Warren Davidson, a congressman from Ohio, posted a brief apology to Twitter on Thursday, after he tweeted a picture of ID papers from Nazi Germany the day prior, comparing the Nazi papers to vaccine mandates; the original tweet is still up.

Tech founder David Bateman, a prominent Utah Republican party funder, posted an Instagram story apologizing for an email he sent alleging that COVID vaccines are a Jewish plot to exterminate people. In the apology, which featured a photo of the Dome of the Rock as its background, he affirmed his “great love for the Jewish people” and, two paragraphs later, clarified that his “beef is with the Khabbalist central banking, secret society Jews, not the amazing, humble, and industrious Jewish people.” Whatever that means.

As increasing numbers of public figures of all kinds have compared the Holocaust to vaccine mandates — notably and repeatedly Rep. Marjorie Taylor Greene, but she is far from alone — the apologies have come in nearly as great numbers.

For years now, the Notes app apology has been the go-to move for canceled public figures; the antisemitism apology is an inevitable sub-genre. In an unadorned screenshot of a statement typed into the Notes app on their iPhone and posted to Twitter and Instagram, the chagrined celebrity would own the misstep, say sorry and promise to be better. The tactic avoids the character limits of Tweets and looks spur-of-the moment and heartfelt, even if it actually went through a PR team.

The craft of the public apology has become something of performance art. It’s nearly impossible to believe the apologies are sincere — they always feel more as though they’re an attempt to appease the public after a slew of criticism than a sign of any growth in understanding. Yet they also work; they’ve said sorry, and even if we don’t believe them, what more can we reasonably ask for?

Of course, it’s pretty easy for most people to write an apology without any meaningful change, even if they promise actions like going to a Holocaust museum to learn and atone. Greene has apologized for comparing the masks to the the Holocaust, but not for comparing Democrats to Nazis. Bateman didn’t even make it through his apology without reaffirming his antisemitism.

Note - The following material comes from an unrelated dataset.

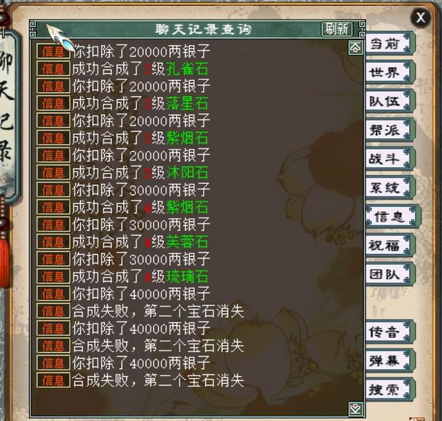 哈喽,大家好,我是一心,前两天一心用攒了一周的师门贡献换了一车宝石,打算大干一场,但是结果却让一心心凉半截,一车宝石碎成了一块四级宝石,相信不少小伙伴有和一心同样的遭遇吧,不过还有一部分人生非常幸运的,我们来看今天这几位玩家合宝石的经历,足够让人分分钟咬牙了。究竟如何呢?我们一起去看看吧。

Most of the apologies undercut their sincerity by reaffirming the offender’s righteousness, before supposedly taking responsibility. (“Though I immediately regretted what I said, and even asked the reporter to strike it from the record, I take complete ownership of that mistake,” wrote Paladino, as though part of the blame lies with the reporter who allowed the remark to be publicized.)

In any case, after many politicians and public figures making vaccine mandate-Holocaust comparisons and subsequently apologizing, no one can truly claim ignorance of the fact that the comparison is offensive and antisemitic. They shouldn’t need to apologize; they should already know better.